Among the entries below, take the line with "雖然消毒工藝投加較多的含氯消" and the line with "Yxy 8.005,0.353,0.176 Color", and output them and every line between them exactly, with nothing else.

◆ ENTRIES PROVIDED
□ □ □ □ □ □ □

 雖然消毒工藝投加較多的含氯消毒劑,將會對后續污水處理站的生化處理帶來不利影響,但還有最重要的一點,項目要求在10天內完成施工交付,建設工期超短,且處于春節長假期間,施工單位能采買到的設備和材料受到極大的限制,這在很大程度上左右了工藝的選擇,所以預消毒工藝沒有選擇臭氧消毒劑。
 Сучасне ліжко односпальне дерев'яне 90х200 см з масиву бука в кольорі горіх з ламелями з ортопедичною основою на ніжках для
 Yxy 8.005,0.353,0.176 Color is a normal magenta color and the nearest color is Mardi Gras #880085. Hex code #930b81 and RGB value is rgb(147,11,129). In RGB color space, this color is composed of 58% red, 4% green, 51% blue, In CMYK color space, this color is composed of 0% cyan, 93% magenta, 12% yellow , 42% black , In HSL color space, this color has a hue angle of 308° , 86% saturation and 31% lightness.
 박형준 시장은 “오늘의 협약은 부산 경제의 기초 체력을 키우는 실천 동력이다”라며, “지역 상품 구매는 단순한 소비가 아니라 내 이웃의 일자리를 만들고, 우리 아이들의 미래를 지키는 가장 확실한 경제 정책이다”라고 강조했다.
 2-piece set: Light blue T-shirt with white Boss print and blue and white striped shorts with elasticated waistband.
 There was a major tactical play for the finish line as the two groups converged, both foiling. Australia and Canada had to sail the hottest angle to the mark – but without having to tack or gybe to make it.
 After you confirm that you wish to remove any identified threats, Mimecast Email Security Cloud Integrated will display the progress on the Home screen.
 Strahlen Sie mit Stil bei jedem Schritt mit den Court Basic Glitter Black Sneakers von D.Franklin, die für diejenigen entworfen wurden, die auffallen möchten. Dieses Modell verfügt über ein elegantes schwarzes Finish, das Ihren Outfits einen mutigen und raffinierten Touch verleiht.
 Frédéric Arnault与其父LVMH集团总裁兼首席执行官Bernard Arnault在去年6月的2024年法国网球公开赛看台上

□ □ □ □ □ □ □

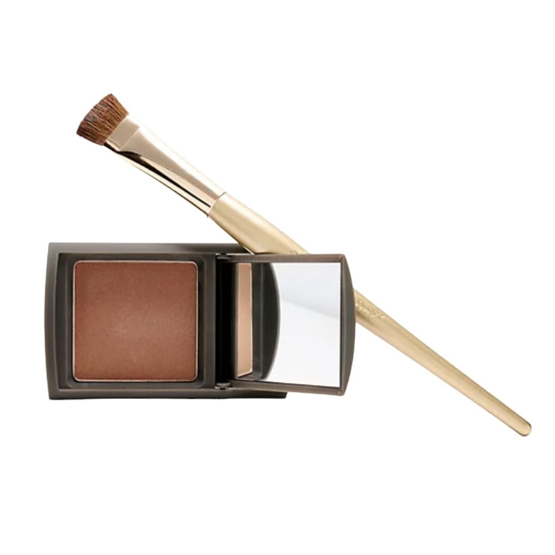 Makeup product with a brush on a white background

□ □ □ □ □ □ □

◆ FINISHED TASK
 雖然消毒工藝投加較多的含氯消毒劑,將會對后續污水處理站的生化處理帶來不利影響,但還有最重要的一點,項目要求在10天內完成施工交付,建設工期超短,且處于春節長假期間,施工單位能采買到的設備和材料受到極大的限制,這在很大程度上左右了工藝的選擇,所以預消毒工藝沒有選擇臭氧消毒劑。
 Сучасне ліжко односпальне дерев'яне 90х200 см з масиву бука в кольорі горіх з ламелями з ортопедичною основою на ніжках для
 Yxy 8.005,0.353,0.176 Color is a normal magenta color and the nearest color is Mardi Gras #880085. Hex code #930b81 and RGB value is rgb(147,11,129). In RGB color space, this color is composed of 58% red, 4% green, 51% blue, In CMYK color space, this color is composed of 0% cyan, 93% magenta, 12% yellow , 42% black , In HSL color space, this color has a hue angle of 308° , 86% saturation and 31% lightness.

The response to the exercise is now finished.